[DATA SUPPLIED]:
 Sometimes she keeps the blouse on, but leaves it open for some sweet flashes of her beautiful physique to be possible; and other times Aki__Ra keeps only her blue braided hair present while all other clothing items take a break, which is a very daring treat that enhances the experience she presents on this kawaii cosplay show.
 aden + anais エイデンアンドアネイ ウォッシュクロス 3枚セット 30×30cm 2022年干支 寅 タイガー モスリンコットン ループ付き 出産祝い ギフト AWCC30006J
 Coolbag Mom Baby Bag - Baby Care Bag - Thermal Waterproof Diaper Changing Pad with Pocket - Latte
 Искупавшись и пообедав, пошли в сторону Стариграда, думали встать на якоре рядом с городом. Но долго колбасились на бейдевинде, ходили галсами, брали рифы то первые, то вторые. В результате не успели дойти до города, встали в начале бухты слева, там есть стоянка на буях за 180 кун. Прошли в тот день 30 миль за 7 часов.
...
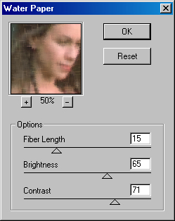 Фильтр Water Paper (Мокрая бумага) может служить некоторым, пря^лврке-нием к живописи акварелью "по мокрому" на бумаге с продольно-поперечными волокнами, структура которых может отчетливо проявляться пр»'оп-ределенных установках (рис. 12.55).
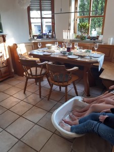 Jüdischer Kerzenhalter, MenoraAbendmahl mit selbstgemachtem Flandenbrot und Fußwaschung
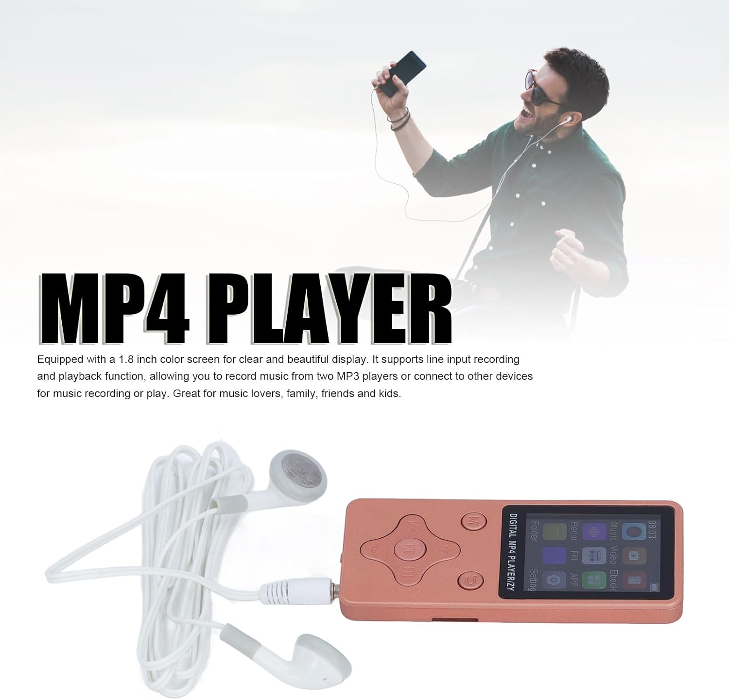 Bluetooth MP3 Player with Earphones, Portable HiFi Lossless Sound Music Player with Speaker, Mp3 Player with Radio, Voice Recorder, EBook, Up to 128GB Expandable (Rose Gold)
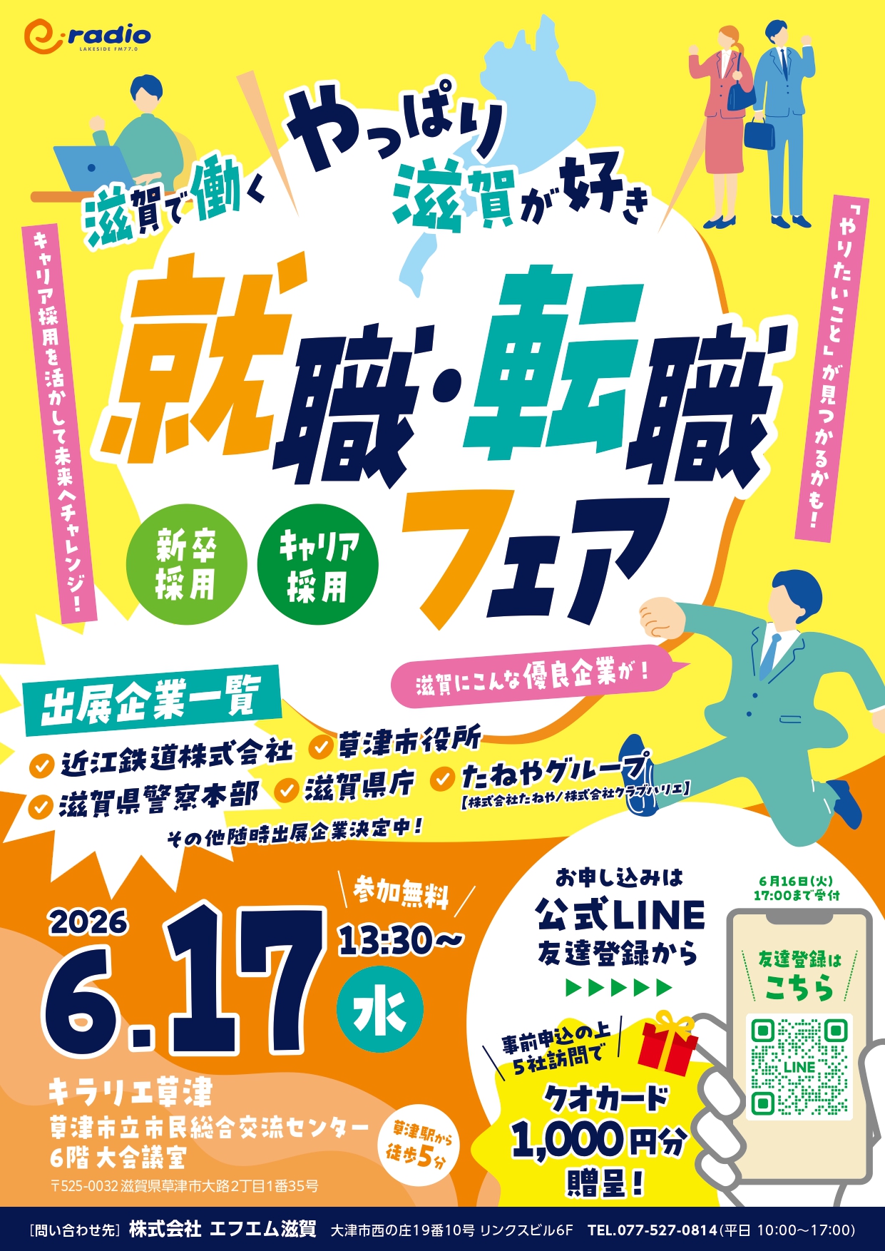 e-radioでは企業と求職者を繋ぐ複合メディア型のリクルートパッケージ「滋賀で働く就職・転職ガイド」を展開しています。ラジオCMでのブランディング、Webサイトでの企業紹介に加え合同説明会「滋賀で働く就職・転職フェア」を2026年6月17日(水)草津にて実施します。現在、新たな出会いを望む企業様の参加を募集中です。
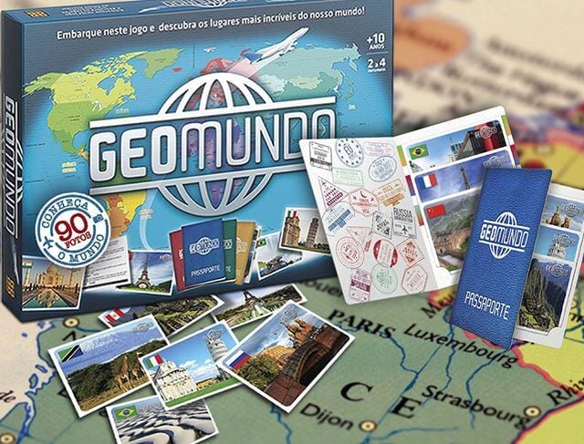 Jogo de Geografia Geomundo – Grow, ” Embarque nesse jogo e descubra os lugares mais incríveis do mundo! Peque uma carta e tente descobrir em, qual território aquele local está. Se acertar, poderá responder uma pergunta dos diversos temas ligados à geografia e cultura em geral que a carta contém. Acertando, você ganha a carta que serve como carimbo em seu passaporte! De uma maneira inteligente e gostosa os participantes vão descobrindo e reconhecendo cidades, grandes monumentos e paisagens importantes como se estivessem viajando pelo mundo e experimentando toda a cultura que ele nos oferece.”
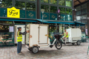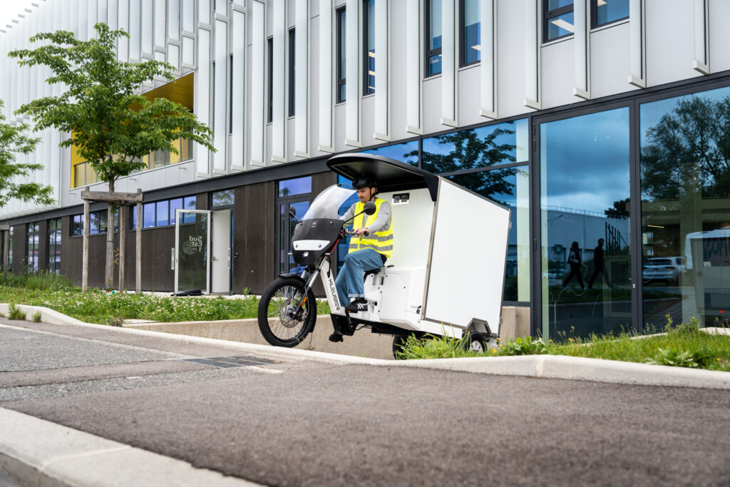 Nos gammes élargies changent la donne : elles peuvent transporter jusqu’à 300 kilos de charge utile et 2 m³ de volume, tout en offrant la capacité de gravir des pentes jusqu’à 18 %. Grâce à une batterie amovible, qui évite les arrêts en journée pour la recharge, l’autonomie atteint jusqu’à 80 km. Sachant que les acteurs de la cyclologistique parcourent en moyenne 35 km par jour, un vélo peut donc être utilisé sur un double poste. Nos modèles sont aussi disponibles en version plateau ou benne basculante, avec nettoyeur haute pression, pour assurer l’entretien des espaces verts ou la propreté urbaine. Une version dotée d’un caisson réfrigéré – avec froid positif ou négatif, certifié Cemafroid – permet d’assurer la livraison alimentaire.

[ACTIVITY]: With the pictures omitted, print the lines above exactly, beginning at the line with "e-radioでは企業と求職" and going on through the line with "Jogo de Geografia".

[TASK RESPONSE]:
 e-radioでは企業と求職者を繋ぐ複合メディア型のリクルートパッケージ「滋賀で働く就職・転職ガイド」を展開しています。ラジオCMでのブランディング、Webサイトでの企業紹介に加え合同説明会「滋賀で働く就職・転職フェア」を2026年6月17日(水)草津にて実施します。現在、新たな出会いを望む企業様の参加を募集中です。
 Jogo de Geografia Geomundo – Grow, ” Embarque nesse jogo e descubra os lugares mais incríveis do mundo! Peque uma carta e tente descobrir em, qual território aquele local está. Se acertar, poderá responder uma pergunta dos diversos temas ligados à geografia e cultura em geral que a carta contém. Acertando, você ganha a carta que serve como carimbo em seu passaporte! De uma maneira inteligente e gostosa os participantes vão descobrindo e reconhecendo cidades, grandes monumentos e paisagens importantes como se estivessem viajando pelo mundo e experimentando toda a cultura que ele nos oferece.”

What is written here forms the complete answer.